__WHAT YOU SHOULD DO__.
Where the records below reach the line containing "Juodkrantėje ant balinės", start transcribing, and end with the line containing "Balinės pelėdos rudenį", exactly and with nothing else added.

__EXTRACTED INFORMATION__.
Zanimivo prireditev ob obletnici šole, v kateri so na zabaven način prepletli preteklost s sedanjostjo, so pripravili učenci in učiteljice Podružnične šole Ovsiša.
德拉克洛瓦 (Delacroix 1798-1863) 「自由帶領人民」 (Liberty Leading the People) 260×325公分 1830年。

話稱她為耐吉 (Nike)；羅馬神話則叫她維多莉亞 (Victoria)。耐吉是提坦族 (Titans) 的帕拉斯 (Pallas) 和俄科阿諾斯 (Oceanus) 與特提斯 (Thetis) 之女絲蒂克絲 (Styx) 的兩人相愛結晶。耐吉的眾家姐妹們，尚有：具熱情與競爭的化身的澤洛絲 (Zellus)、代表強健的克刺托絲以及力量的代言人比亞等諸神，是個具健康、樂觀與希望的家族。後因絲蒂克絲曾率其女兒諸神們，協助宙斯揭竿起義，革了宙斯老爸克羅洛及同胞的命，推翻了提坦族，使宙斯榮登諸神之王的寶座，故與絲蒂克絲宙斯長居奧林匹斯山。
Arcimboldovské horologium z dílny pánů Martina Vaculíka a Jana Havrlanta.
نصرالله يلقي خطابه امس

...

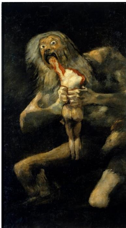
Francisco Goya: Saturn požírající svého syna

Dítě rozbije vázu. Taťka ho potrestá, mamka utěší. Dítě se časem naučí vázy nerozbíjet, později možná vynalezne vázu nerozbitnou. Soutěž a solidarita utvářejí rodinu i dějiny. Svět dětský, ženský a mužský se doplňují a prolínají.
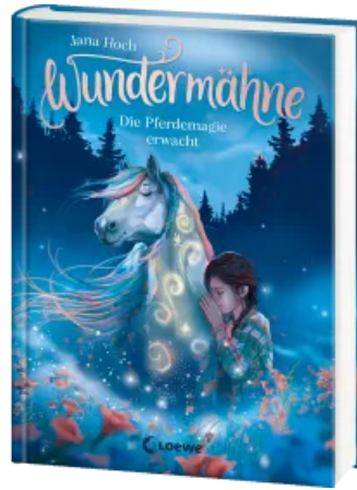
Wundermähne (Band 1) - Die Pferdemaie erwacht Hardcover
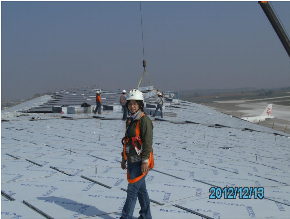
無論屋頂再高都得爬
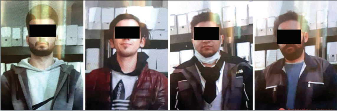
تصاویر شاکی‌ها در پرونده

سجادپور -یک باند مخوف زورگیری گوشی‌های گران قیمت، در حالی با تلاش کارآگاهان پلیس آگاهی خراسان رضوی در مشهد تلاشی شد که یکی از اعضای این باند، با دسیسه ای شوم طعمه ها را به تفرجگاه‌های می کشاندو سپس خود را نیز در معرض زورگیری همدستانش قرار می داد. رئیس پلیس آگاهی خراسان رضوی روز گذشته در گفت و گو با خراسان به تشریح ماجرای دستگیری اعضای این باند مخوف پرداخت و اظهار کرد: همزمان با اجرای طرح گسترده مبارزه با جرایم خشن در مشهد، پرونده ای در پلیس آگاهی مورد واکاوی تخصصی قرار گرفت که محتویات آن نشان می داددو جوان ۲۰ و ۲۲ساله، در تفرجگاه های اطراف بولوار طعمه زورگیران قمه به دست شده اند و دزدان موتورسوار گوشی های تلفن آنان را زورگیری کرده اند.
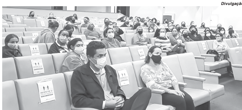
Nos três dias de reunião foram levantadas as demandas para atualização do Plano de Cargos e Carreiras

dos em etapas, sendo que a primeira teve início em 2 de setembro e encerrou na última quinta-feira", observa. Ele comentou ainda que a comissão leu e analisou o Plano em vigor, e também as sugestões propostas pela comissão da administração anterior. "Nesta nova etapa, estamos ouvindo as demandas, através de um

...

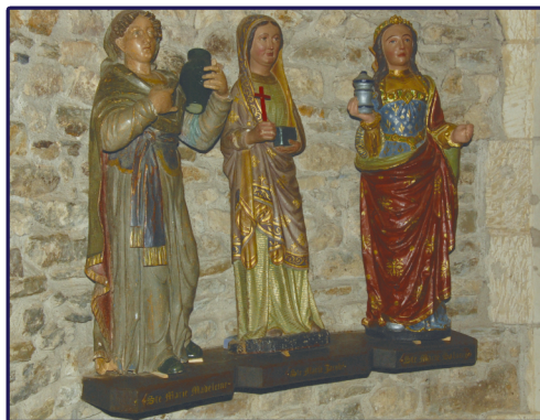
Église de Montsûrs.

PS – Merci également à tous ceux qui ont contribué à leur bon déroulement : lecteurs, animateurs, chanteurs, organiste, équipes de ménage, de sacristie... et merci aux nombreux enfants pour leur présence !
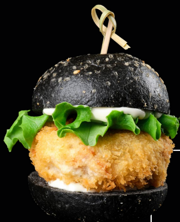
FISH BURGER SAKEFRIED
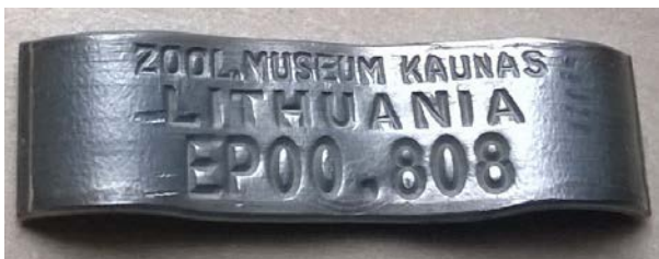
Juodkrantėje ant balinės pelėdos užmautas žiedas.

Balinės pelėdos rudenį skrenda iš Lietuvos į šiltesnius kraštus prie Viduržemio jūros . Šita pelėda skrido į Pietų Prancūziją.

__SOLUTION FOR THIS PROBLEM__.
Juodkrantėje ant balinės pelėdos užmautas žiedas.

Balinės pelėdos rudenį skrenda iš Lietuvos į šiltesnius kraštus prie Viduržemio jūros . Šita pelėda skrido į Pietų Prancūziją.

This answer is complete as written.